Розанов становится критиком «исторического» христианства во имя «Вифлеема», и проблема семьи ставится в центре его богословских и философских размышлений. Он еще не отходит от Церкви, он вое еще «около церковных стен» (как назвал он двухтомный сборник своих статей), но в «споре» христианства и культуры у него постепенно христианство тускнеет, теряет «жизненно-сладостную» силу и постепенно отходит в сторону, чтобы уступить место «религии Отца», – «Ветхому Завету». Любопытно отметить, что в первой статье 1-го тома книги ''Около церковных стен» (статья носит характерное название «Религия, как свет и радость») Розанов еще пишет: «тщательное рассмотрение убеждает, что среди всех философских и религиозных учений нет более светлого и жизнерадостного мировоззрения, чем христианское». Но уже здесь идет речь о «великом недоразумении, которое в судьбах христианства образовалось около момента Голгофы», – ибо «из подражания Христу и именно в моменте Голгофы образовалось неутомимое искание страданий». Через это «весь акт искупления прошел мимо человека и рухнул в бездну, в пустоту, – никого и ничего не спасая». В этих словах диалектически уже наличествует переход ко второму периоду, только объектом критики у Розанова является не само христианство, а его неверное понимание в Церкви. «Сущность Церкви и даже христианства определилась, – пишет он в другой статье, – как поклонение смерти». «Ничто из бытия Христа, – читаем тут же, – не взято в такой великий и постоянный символ, как смерть. Уподобиться мощам, перестать вовсе жить, двигаться, дышать – есть общий и великий идеал Церкви».

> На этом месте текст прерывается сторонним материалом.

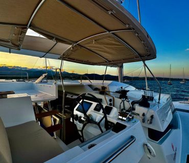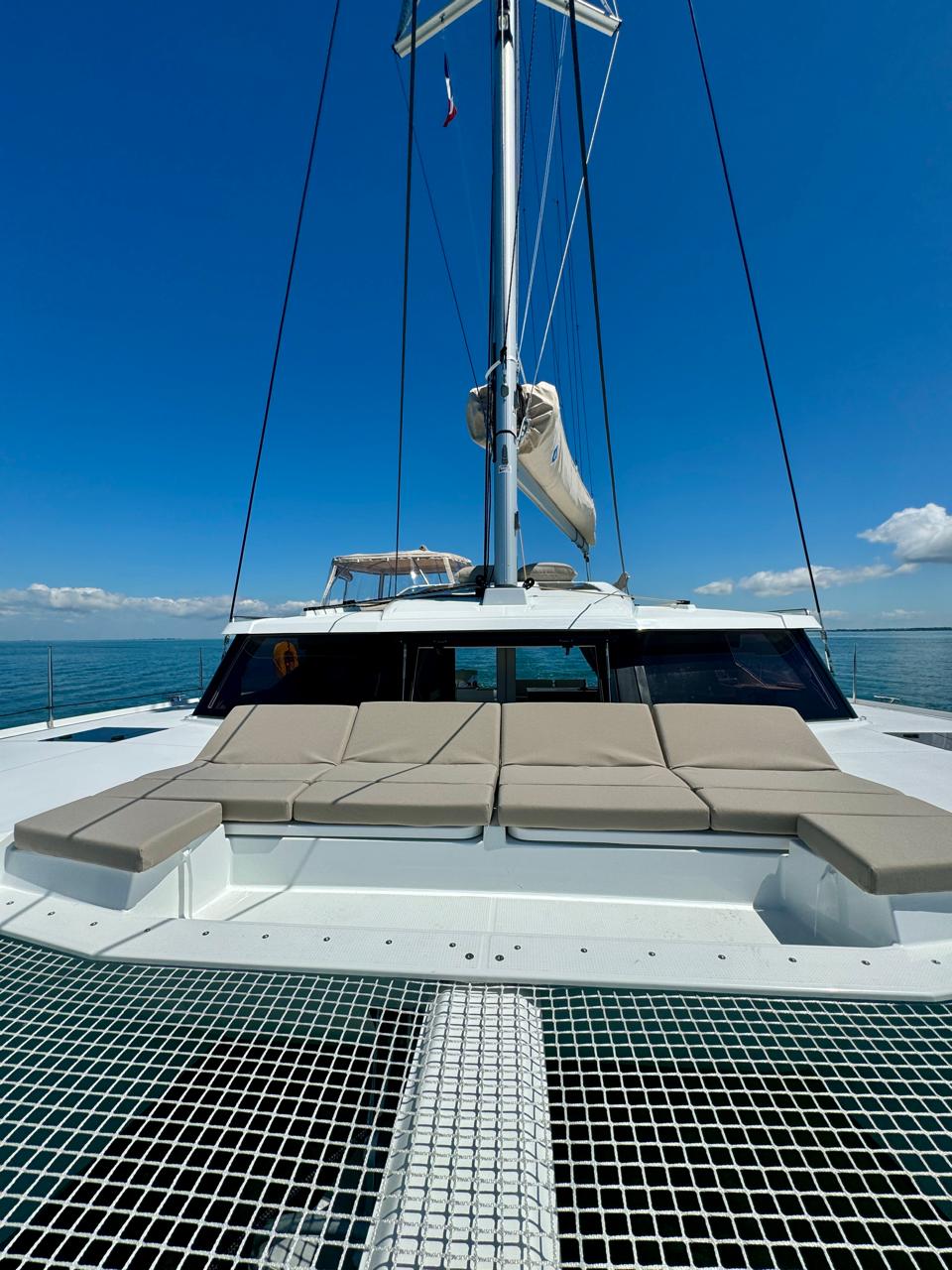 This award winning 45 foot catamaran boasts energetic lines and inverted bows, accommodating incredible interior and exterior living spaces which make a her truly exceptional multihull. An extensive cockpit opening onto an innovative saloon, together with the largest lounge space of her category, and lots of invisible storage are complemented by generous relaxation spaces on the foredeck and lounge deck (flybridge), not to mention the convenient electric aft swim/tender platform (150 kg).
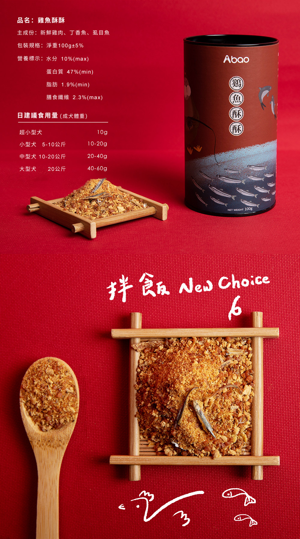 雞魚酥酥:嚴選洽富氣冷雞肉及現撈沙丁魚及虱目魚製成,提供EPA、DHA、補充狗狗所需營養
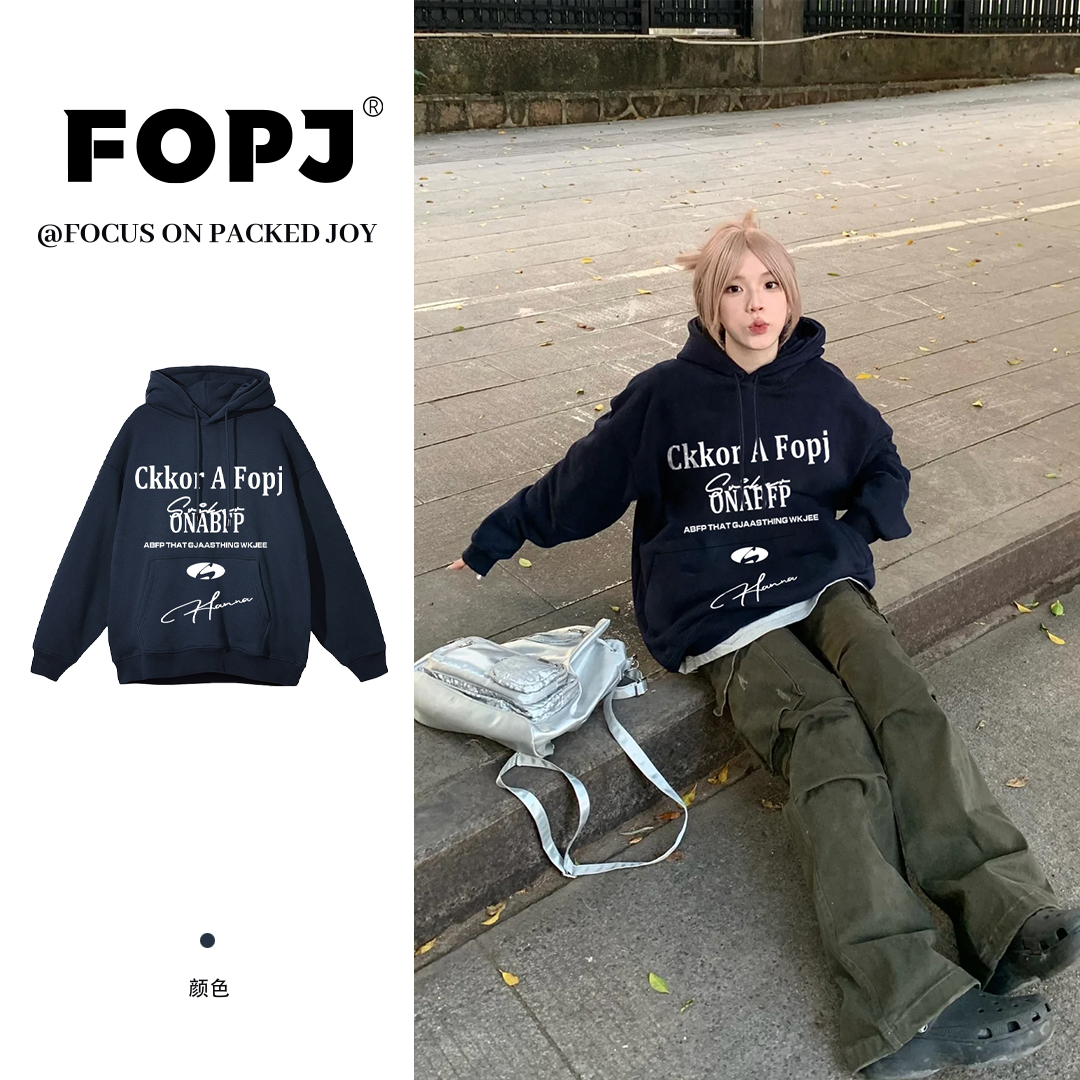 FOPJ美式时尚潮流印花连帽衫卫衣女学生春秋宽松加绒加厚减龄外套
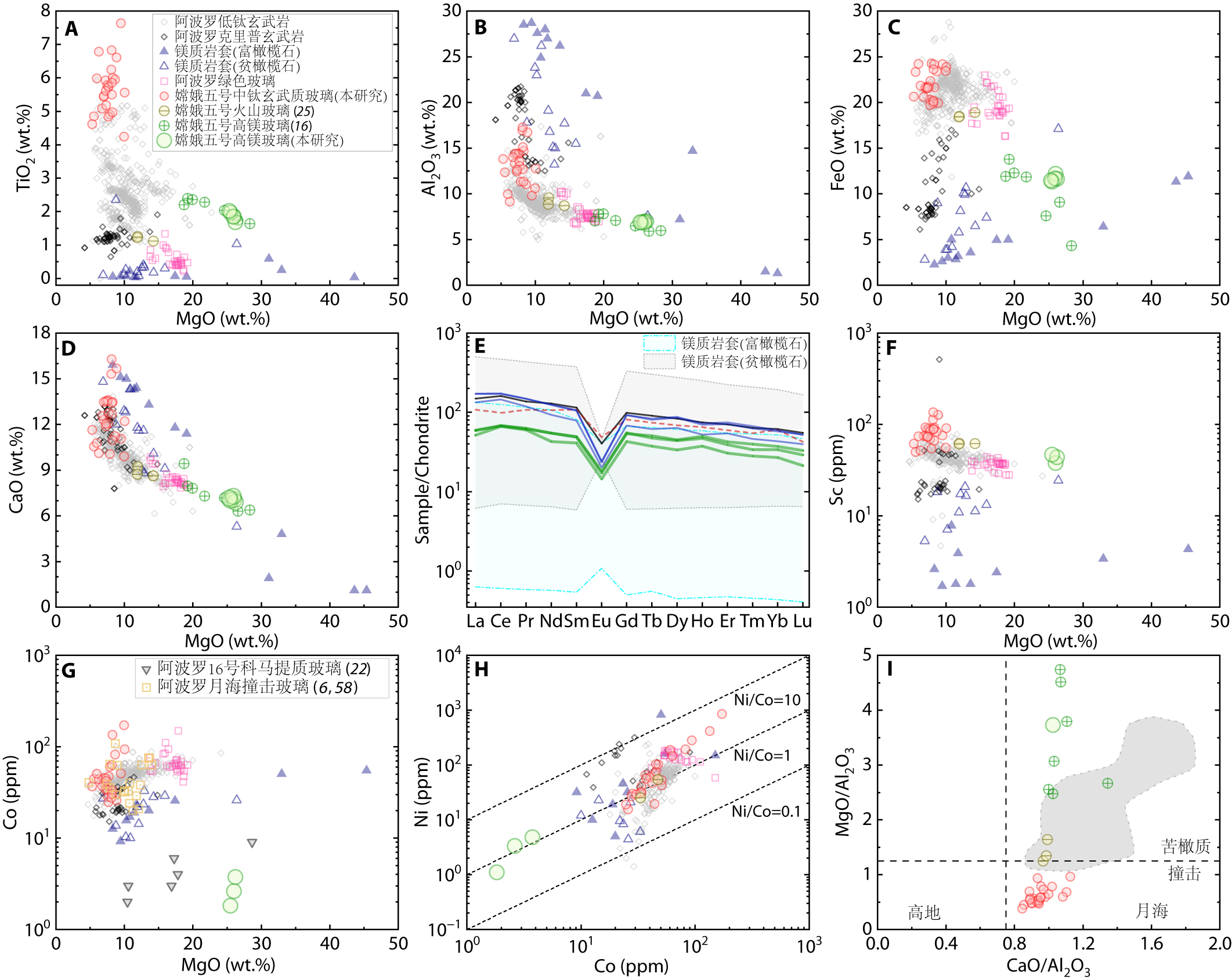 图2.高镁玻璃G1-GB-1的化学组成。(A–D)主量元素与MgO的二元图解。(E)高镁玻璃(绿色实线),中钛玄武质玻璃的平均(红色虚线)和嫦娥五号火山玻璃珠(蓝色实线)的稀土元素球粒陨石归一化模式图。(F–G)部分微量元素与MgO的二元图解。(H) Co和Ni含量的二元图解。(I) CaO/Al2O3比和MgO/Al2O3比的二元图解,区分火山成因和撞击成因玻璃珠。灰色阴影区域为阿波罗样品中的火山玻璃珠。

Но со всей силой критика Церкви перешла в борьбу с Церковью, когда размышления Розанова сосредоточились на проблеме семьи. Однажды Розанов написал: «всю жизнь посвятить на разрушение того, что одно в мире люблю – была ли у кого печальнее судьба?» Это очень верно: Розанов действительно не мог оторваться от Церкви, да и умирать поехал «около церковных стен» (возле Троицкой Лавры), но внутренняя диалектика его мысли вела к острой и беспощадной борьбе с Церковью, а позже и со Христом. Чтобы понять эту внутреннюю диалектику в Розанове и оценить всю значительность его идей, необходимо углубиться в изучение того, что мыслил Розанов о человеке. В его антропологии ключ ко всей его идейной и духовной эволюции.

 

 

Вся антропология Розанова тоже ориентирована космоцентрически. Я не разделяю мнения Волжского (90), что «любовь к жизни у Розанова вне личности человека и Бога». Наоборот, у него исключительно велико чувство личности (в человеке), но это чувство у него окрашено космоцентрически. Вся метафизика человека сосредоточена для Розанова в тайне пола, – но это абсолютно далеко от пансексуализма Фрейда, ибо все в тайне пола очеловечно у Розанова. Мы еще будем иметь случай коснуться замечательной его формулы: «то, что человек потерял в мироздании, {то} он находит в истории». Для нас сейчас существенно в этой формуле указание на то, что человек «теряет» в мироздании, – но он не теряется в нем, – он «включен» в порядок природы, и точка этой включенности и есть пол, как тайна рождения новой жизни. Именно эта «творящая» функция пола нужна и дорога Розанову; ведь пол, по Розанову, «и есть наша душа». Оттого Розанов даже утверждает, что человек вообще есть «трансформация пола», – но это совсем не есть какой-то антропологический «материализм», а как раз наоборот. «Нет крупинки в нас, ногтя, волоса, капли крови, – пишет тут же Розанов, – которые не имели бы в себе духовного начала» (94). Появление личности есть огромное событие в жизни космоса, ибо во всяком «я» мы находим обособление, противоборство всему, что не есть «я».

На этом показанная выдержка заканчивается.